JOHANNESBURG (02/06/2004) - South Africa's Competitions Tribunal Friday announced that it is has approved the Altech/NamITech merger, with immediate effect, subject to the remedies offered by Altech.
The first remedy is for Altech to dispose of its existing card manufacturing business, Africard, which at present falls within Altech Card Solutions (ACS). This remedy excludes the business within Africard responsible for personalization services, which will remain within ACS.
An additional remedy requires Altech to relinquish its status from that of being an exclusive, to that of being a nonexclusive, distributor of Datacard personalization equipment.
Commenting on the tribunal's approval, the CEO of Altech, Craig Venter, said he was pleased with the decision, which would see NamITech integrated into the Altech stable. "This acquisition is in line with Altech's ICT vision and convergence strategy and will give the group's ICT Division, which includes Altech Card Solutions, Isis and Altech Informatics, a turnover in excess of R1 billion (US$143 million)."
The purchase of NamITech will require Altech to spend around R500m of its current R1.5 billion cash pile to acquire an initial 85 percent of NamITech, prior to re-introducing Pamodzi as a 28 percent shareholder, via an innovative Altech-pioneered BEE funding arrangement.
"It was important to us that Pamodzi should continue as NamITech's Black Economic Empowerment partner," Venter adds. He says that the innovative funding structure eliminated the need for the much criticized SPV loan type arrangement, and enabled the BEE partner's entry into the transaction with a much reduced initial cash outlay.
Venter said the successful acquisition of NamITech would form the basis for Altech's growth in coming years.
Concerning the remedies, Venter said although it was not easy for any company to dispose of a profitable business, the remedies were an important part of obtaining the tribunal's approval. "Altech has already secured a purchaser, approved by the tribunal, for the Africard business, which will allow it to continue as a going concern," he said.

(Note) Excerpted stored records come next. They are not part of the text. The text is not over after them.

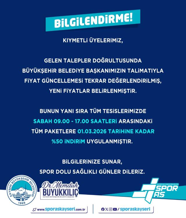 Kayseri Haberleri - Kayseri Büyükşehir Belediyesi’ne bağlı Spor AŞ tesislerinde uygulanan yüksek fiyat tarifeleri, kamuoyunda ve yerel basında geniş yankı uyandırmıştı. Yapılan haberlerin ardından belediye geri adım attı.
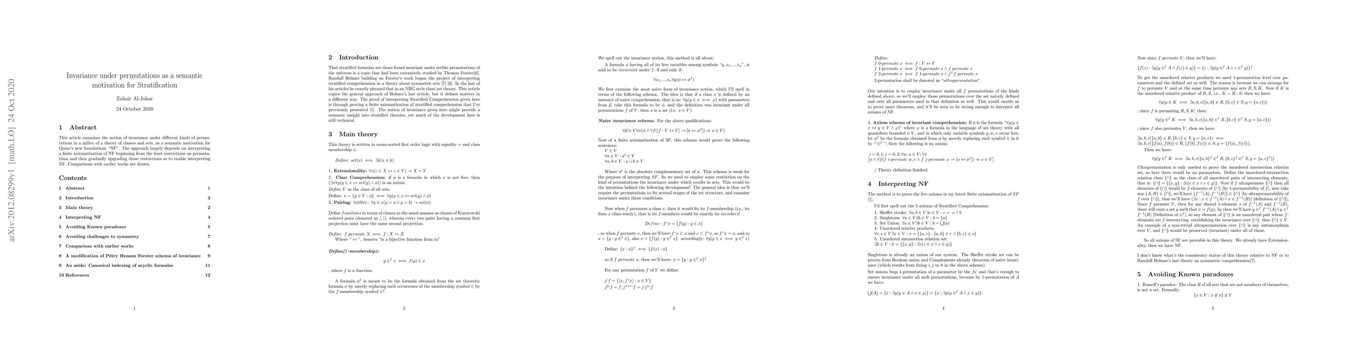 This article examines the notion of invariance under different kinds of permutations in a milieu of a theory of classes and sets, as a semantic motivation for Quine's new foundations "NF". The approach largely depends on interpreting a finite axiomatization of NF beginning from the least restrictions on permutations and then gradually upgrading those restrictions as to enable interpreting NF. Comparisons with earlier works are drawn.
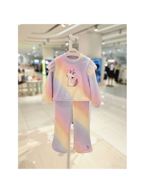 [프랜치캣] 멀티 골지 프릴티 레인보우바지 셋업 Q55DCT130/Q55DCP090
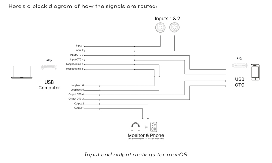 Zusätzlich lässt sich über den zweiten USB-Port ein weiteres Stereo-USB-Audiogerät – etwa ein iPhone oder iPad – digital einbinden. Dadurch kann man das Tablet ohne Verlust direkt in die DAW überspielen sowie auch über die selben, angeschlossenen Lautsprecher Musik hören.
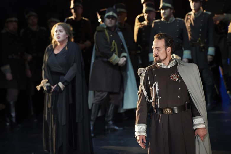 12-13-01-MC-D-0738 – (l – r) Elena Manistina as Azucena, Dmitry Belosselskiy as Ferrando and Russell Braun as Conte di Luna in the Canadian Opera Company’s production of Il Trovatore, 2012. Conductor Marco Guidarini, director Charles Roubaud, set designer Jean-Noël Lavesvre, costume designer Katia Duflot and lighting designer Marc Delamézière.
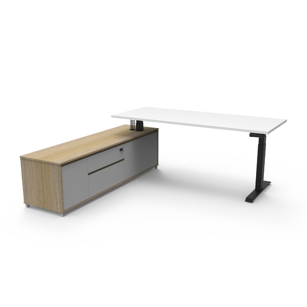 Rapidline Boost+ Executive Desk + LHS Cabinet 2020W x 2011D x 620-1270mmH Oak/Black
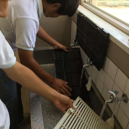 また昨日できなかった、エアコンのフィルターの掃除と洗いも丁寧にしてくれていました。同様に扇風機の羽根を外しての洗いも、各所で見かけました。
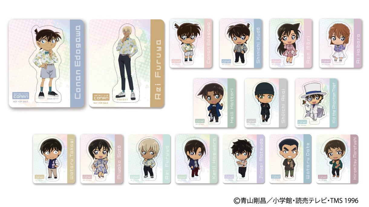 | □ナムコオリジナルステッカー ・全16種(ランダム配布) ・サイズ:約H7×W6cm ・4月15日から配布開始 マットな質感で、キャラクター部分がダイカットになったステッカーです。 「江戸川コナン」「降谷零」は等身デザインとデフォルメデザインの2種があります。 |
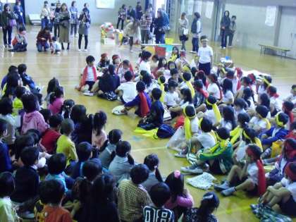 まずは一年生の「なかよしまつり」で、射的や輪投げなどを楽しみました。

Venter said one of Altech's strengths had always been in capitalizing on the convergence within its three divisions, namely Telecommunications, Multimedia and ICT. "However, there has always been a concern that the group's ICT Division has been lacking the critical mass of the other two divisions. This acquisition now brings our ICT Division into line with our Telecommunications and Multimedia Divisions, and makes it a valuable pillar of equal strength within the group."
Venter is confident that the transaction would realize significant growth potential for the group, given the synergies that existed between NamITech and various Altech companies.

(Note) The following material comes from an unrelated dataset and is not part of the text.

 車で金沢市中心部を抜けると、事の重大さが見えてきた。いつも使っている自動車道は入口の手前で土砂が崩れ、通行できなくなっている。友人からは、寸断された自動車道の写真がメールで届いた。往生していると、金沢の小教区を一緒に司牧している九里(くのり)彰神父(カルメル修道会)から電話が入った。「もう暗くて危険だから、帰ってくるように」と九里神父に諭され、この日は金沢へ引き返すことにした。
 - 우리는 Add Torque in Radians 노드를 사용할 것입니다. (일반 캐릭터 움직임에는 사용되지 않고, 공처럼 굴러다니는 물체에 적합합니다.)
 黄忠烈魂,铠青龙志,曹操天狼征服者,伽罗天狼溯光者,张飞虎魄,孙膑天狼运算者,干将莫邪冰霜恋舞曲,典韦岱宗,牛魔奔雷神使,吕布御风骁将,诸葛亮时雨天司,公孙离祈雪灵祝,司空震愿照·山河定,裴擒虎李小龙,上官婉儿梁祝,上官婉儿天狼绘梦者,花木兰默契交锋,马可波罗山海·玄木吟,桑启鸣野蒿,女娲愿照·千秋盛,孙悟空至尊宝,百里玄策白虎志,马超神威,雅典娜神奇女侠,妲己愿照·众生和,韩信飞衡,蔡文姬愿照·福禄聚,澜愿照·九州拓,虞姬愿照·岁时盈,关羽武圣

"NamITech's world-class manufacturing, software application development and secure solutions, combined with the products, services and expertise at both ACS and Isis, will provide Altech with operations that offer complete payment technology solutions to the telecommunications and banking industries," he adds.
Venter confirmed that NamITech's technology partner, German-based Gieseke & Devrient GmbH, a global player in the evolving smartcard and related technologies field, would have a 15% shareholding in the company.
Nampak executive director, Rex Tomlinson, comments that Nampak was pleased that such a complex transaction had been approved by the tribunal. He says that NamITech needed a technology home to realize its full potential, and that Altech fitted that role perfectly.